A further description of our responsibilities for the audit of the financial statements is located on the Financial Reporting Council’s website at: http://www.frc.org.uk/auditorsresponsibilities This description forms part of our auditor’s report.
A further description of our responsibilities is available on the Financial Reporting Council’s website at: https://www.frc.org.uk/auditorsresponsibilities. This description forms part of our auditor's report.
Use of our report
This report is made solely to the company’s members, as a body, in accordance with Chapter 3 of Part 16 of the Companies Act 2006. Our audit work has been undertaken so that we might state to the company’s members those matters we are required to state to them in an auditor's report and for no other purpose. To the fullest extent permitted by law, we do not accept or assume responsibility to anyone other than the company and the company’s members as a body, for our audit work, for this report, or for the opinions we have formed.
As permitted by s408 Companies Act 2006, the company has not presented its own profit and loss account and related notes. The company’s profit for the year was £672,204 (2021 - £682,500 profit).
Kildale Topco Limited (“the company”) is a private limited company domiciled and incorporated in England and Wales.

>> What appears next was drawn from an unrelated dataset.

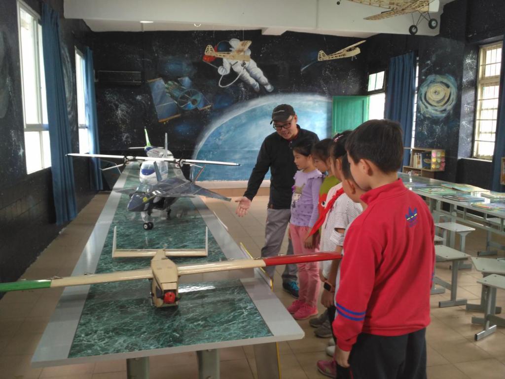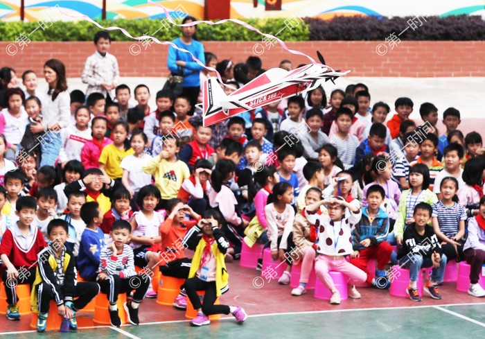 在芦笛小学,我校师生开展了精彩的飞行表演。伴随着马达的低鸣,航模飞行器在师生们头顶呼啸升空,或爬升或俯冲或盘旋,扣人心弦的表演,获得了小朋友们的欢笑和掌声。表演结束后,大学生走进课堂当起了小老师,为孩子们讲述飞机与航天知识,通过图文并茂的演讲以及其他多项互动问答的活动激发孩子们对航天的热情,增强孩子们“中国梦”,“航天梦”的责任感和使命感。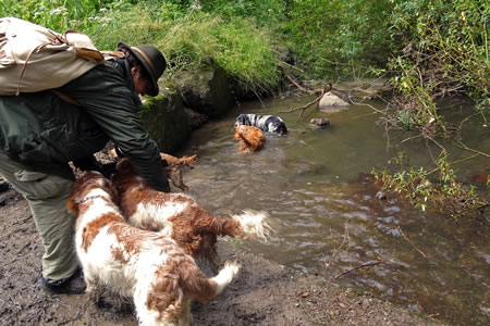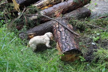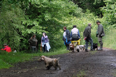 Während die meisten Spanielbesitzer noch starr vor Schreck am Ufer standen, reagierte Dr. Gradwohl sofort und watete ohne zu zögern, in voller Montur in den Teich und zog Balu heraus. Uff! Das ist ja noch einmal gut ausgegangen. Triefend naß kam Balus Retter aus dem Teich und setzte so seine Wanderung fort. Vielen Dank im Namen aller Mitwanderer für dieses couragierte Eingreifen! Und was lernt man daraus? Beim Schwimmen soll der Hund „nackt“ – also ohne Halsband oder Brustgeschirr sein!

The registered office is The Victory Offices, 112 Victory Road, Blackpool, FY1 3NW.
The group consists of Kildale Topco Limited and all of its subsidiaries.
These financial statements have been prepared in accordance with FRS 102 “The Financial Reporting Standard applicable in the UK and Republic of Ireland” (“FRS 102”) and the requirements of the Companies Act 2006.

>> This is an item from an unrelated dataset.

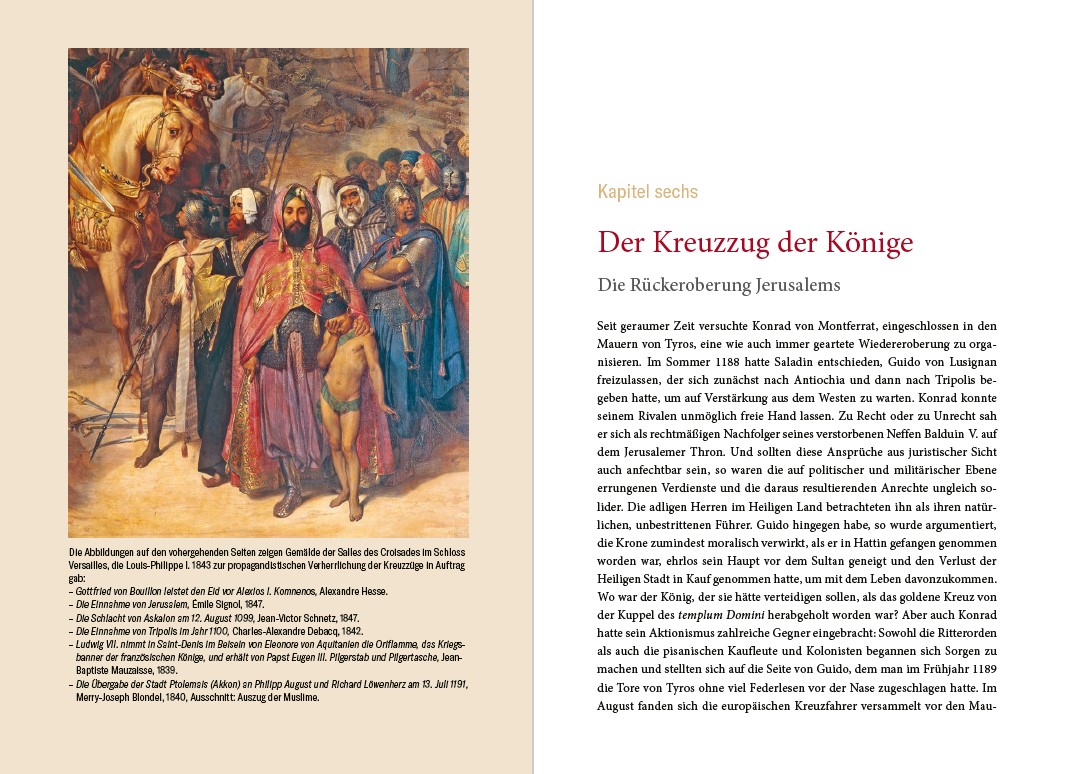 Einführung S. 9ERSTER TEILKapitel eins Die Kreuzzugsidee und ihre Wurzeln S. 20Kapitel zwei Europa und der Mittelmeerraum vor den Kreuzzügen S. 42Kapitel drei Die Eroberung des Ostens S. 65Kapitel vier Das fränkische Königreich von Jerusalem und die Fürstentümer im Heiligen Land S. 98Kapitel fünf Kurzlebige Erfolge S. 125Kapitel sechs Der Kreuzzug der Könige S. 171ZWEITER TEILKapitel sieben Der Kreuzzug im 13. Jahrhundert S. 204Kapitel acht Das zweite Königreich S. 223Kapitel neun Der Kopf der Schlange S. 243Kapitel zehn Der Verlust des Heiligen Landes S. 275Kapitel elf Das Heilige Land zurückgewinnen? S. 302Kapitel zwölf Wechselnde Ziele S. 321DRITTER TEILKapitel dreizehn Die Erfindung des Feindes S. 346Kapitel vierzehn Eine europäische Leidenschaft S. 363Kapitel fünfzehn Osmanischer Triumph S. 388Kapitel sechszehn Die Verteidigung des christlichen Europas S. 413Kapitel siebzehn Die zwei Mittelmeere S. 432Kapitel achtzehn Gegenangriff S. 452VIERTER TEILKapitel neunzehn Die Abrechnung S. 476Kapitel zwanzig Im Zeichen des Kreuzes S. 501Kapitel einundzwanzig Das Mittelmeer der Gegensätze S. 524Kapitel zweiundzwanzig Die große Zerstückelung S. 542Kapitel dreiundzwanzig Die Erinnerung an die Kreuzzüge S. 560Schluss S. 573ANHANGBelegangaben zur deutschen Übersetzung S. 580Chronologie S. 581Karte S. 582Personenregister S. 584Ortsregister S. 593Abbildungsnachweis S. 600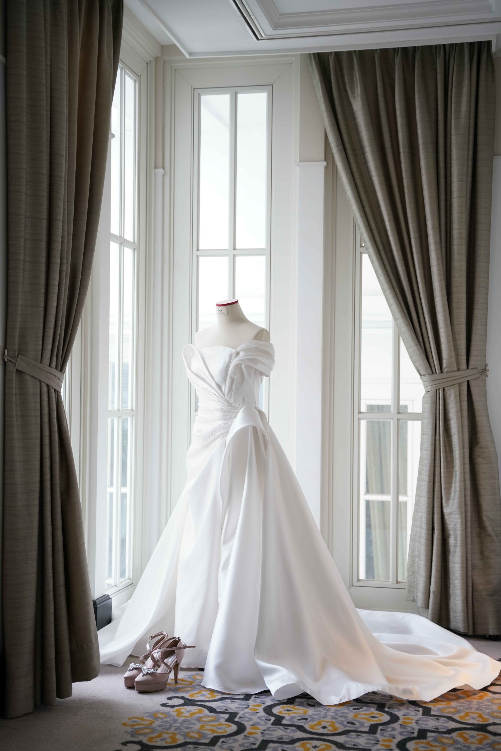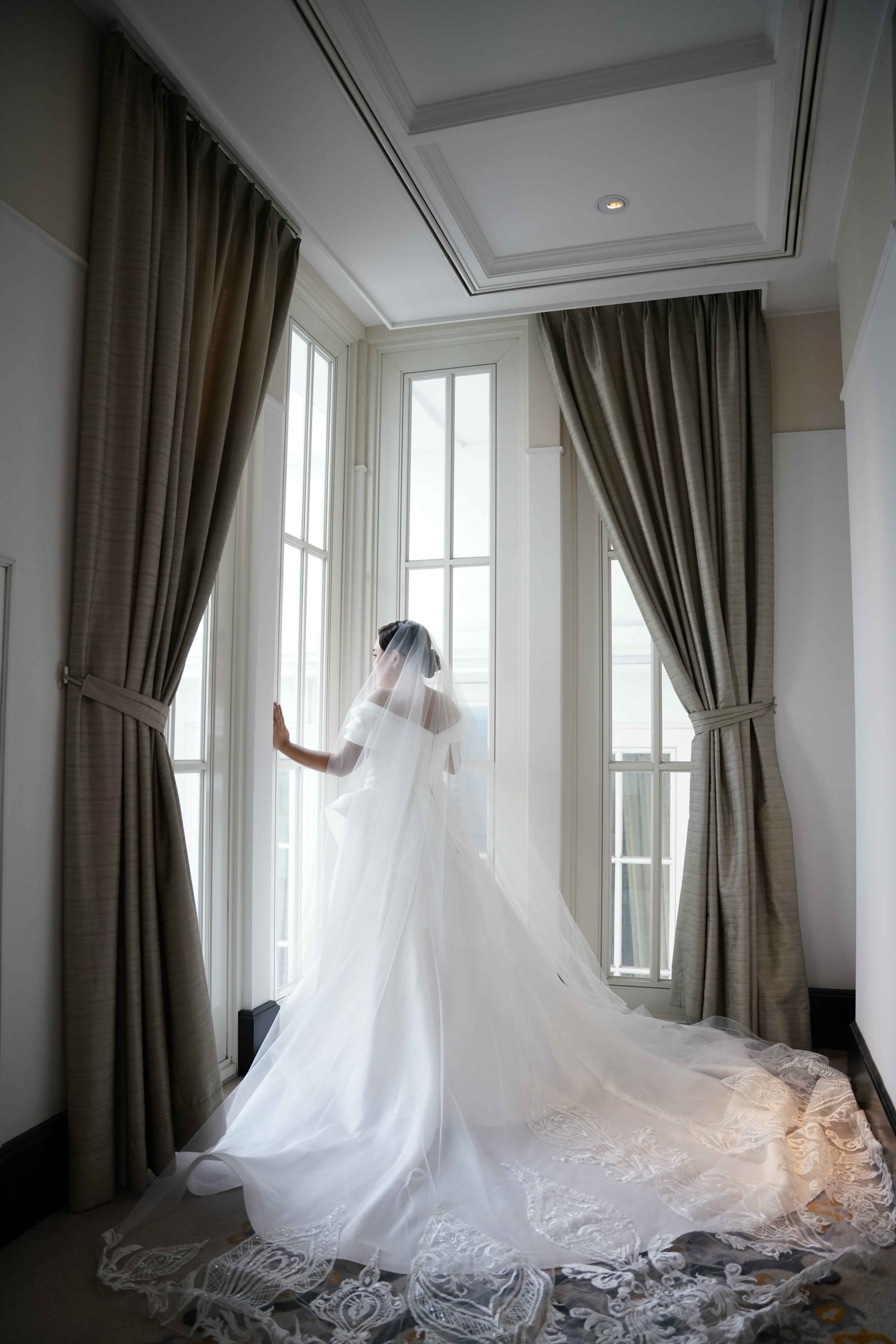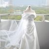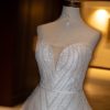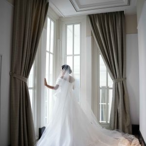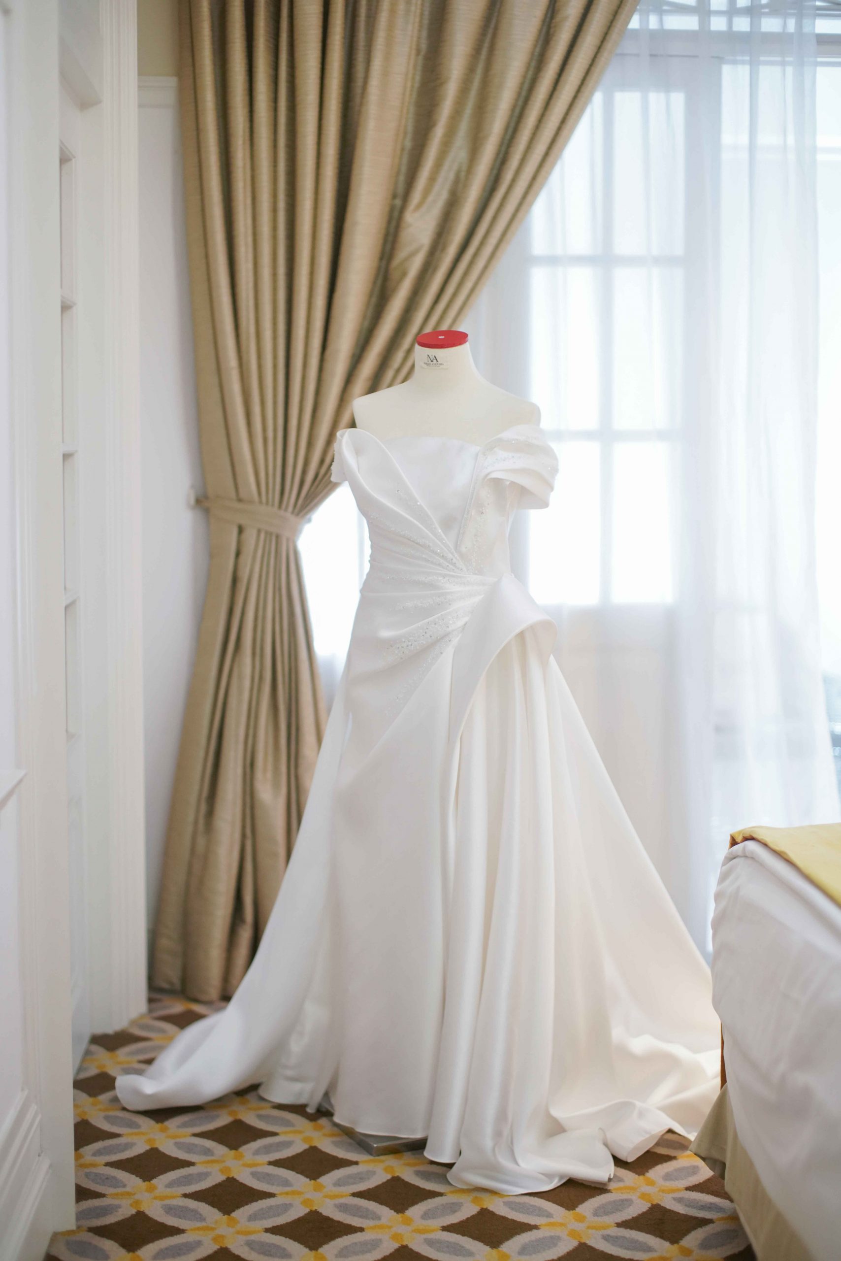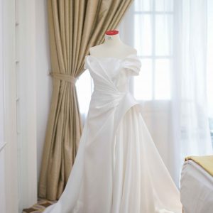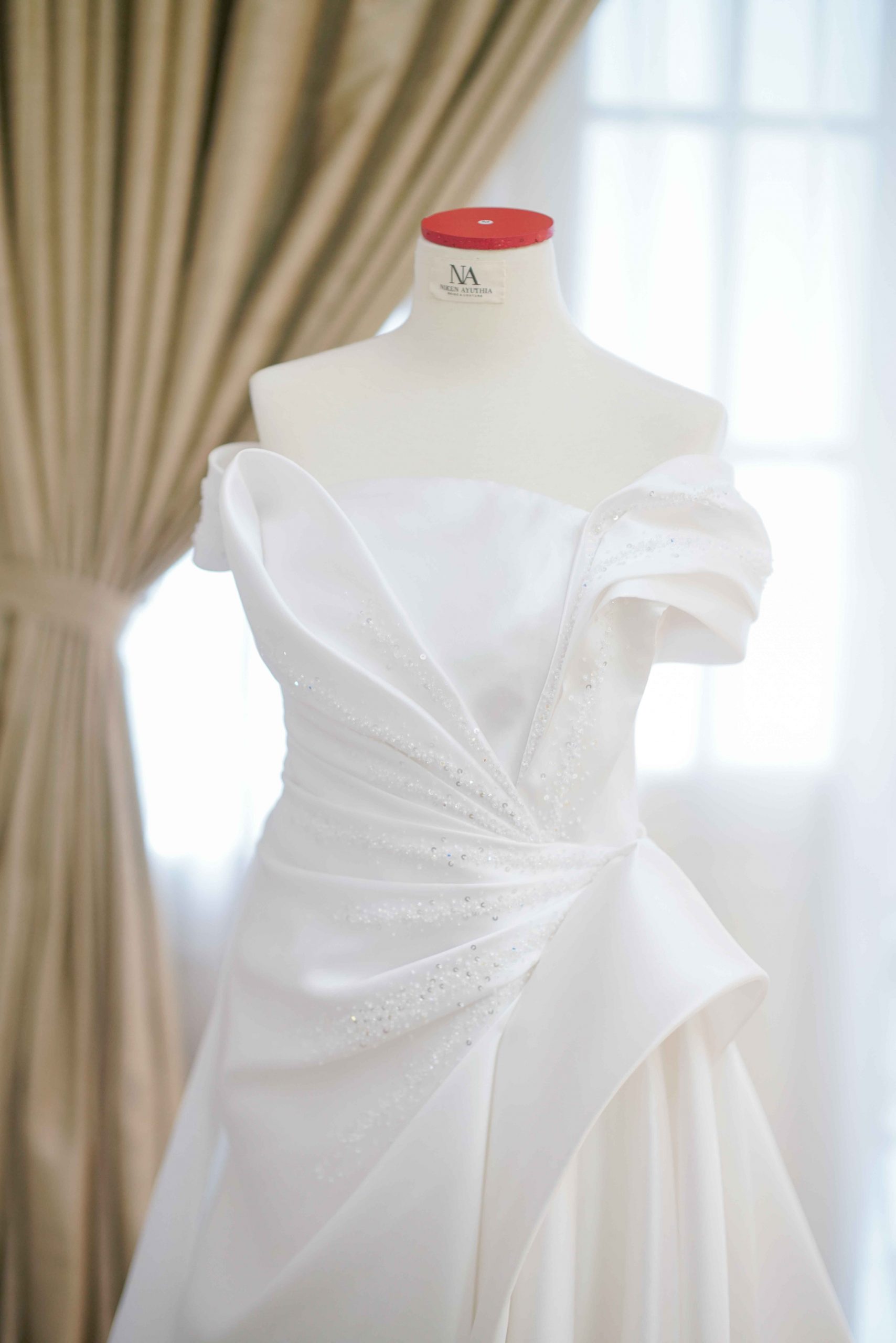 Simple semi mermaid wedding dress with beaded drapery around the bodice. Match it with our beautiful baroque detailed veil to enhance the whole look.

The financial statements are prepared in sterling, which is the functional currency of the company. Monetary amounts in these financial statements are rounded to the nearest £.

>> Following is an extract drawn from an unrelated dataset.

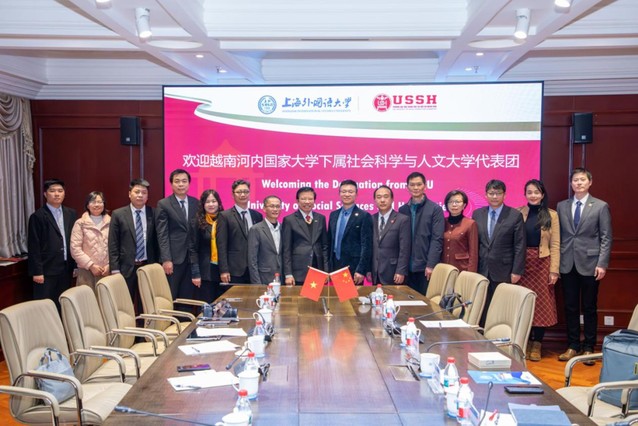 2026年1月24日,越南河内国家大学下属社会科学与人文大学(VNU-USSH)校长黄英俊(Prof. Hoang Anh Tuan)率人类学、政治学、东方学、语言学等院系及职能部门负责人一行8人访问上海外国语大学。副校长衣永刚在虹口校区热情接待来宾,双方深入交流区域国别学(中国学、越南学)、语言科学、政治学等学科的人才培养、科研合作新路径。东方语学院院长程彤、越南语专业教师卢珏璇出席会谈。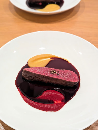 お肉料理は、鹿肉のロースト。そのビジュアルに、思わず溜息が出てしまう。カットする前、フォークとナイフを当てた時点で伝わってくるむにっとした感触に、ドキドキでナイフを入れる。

The financial statements have been prepared under the historical cost convention, modified to include the revaluation of freehold properties and certain financial instruments at fair value. The principal accounting policies adopted are set out below.
The consolidated group financial statements consist of the financial statements of the parent company Kildale Topco Limited together with all entities controlled by the parent company (its subsidiaries) and the group’s share of its interests in joint ventures and associates.
All financial statements are made up to 30 January 2022. Where necessary, adjustments are made to the financial statements of subsidiaries to bring the accounting policies used into line with those used by other members of the group.
All intra-group transactions, balances and unrealised gains on transactions between group companies are eliminated on consolidation. Unrealised losses are also eliminated unless the transaction provides evidence of an impairment of the asset transferred.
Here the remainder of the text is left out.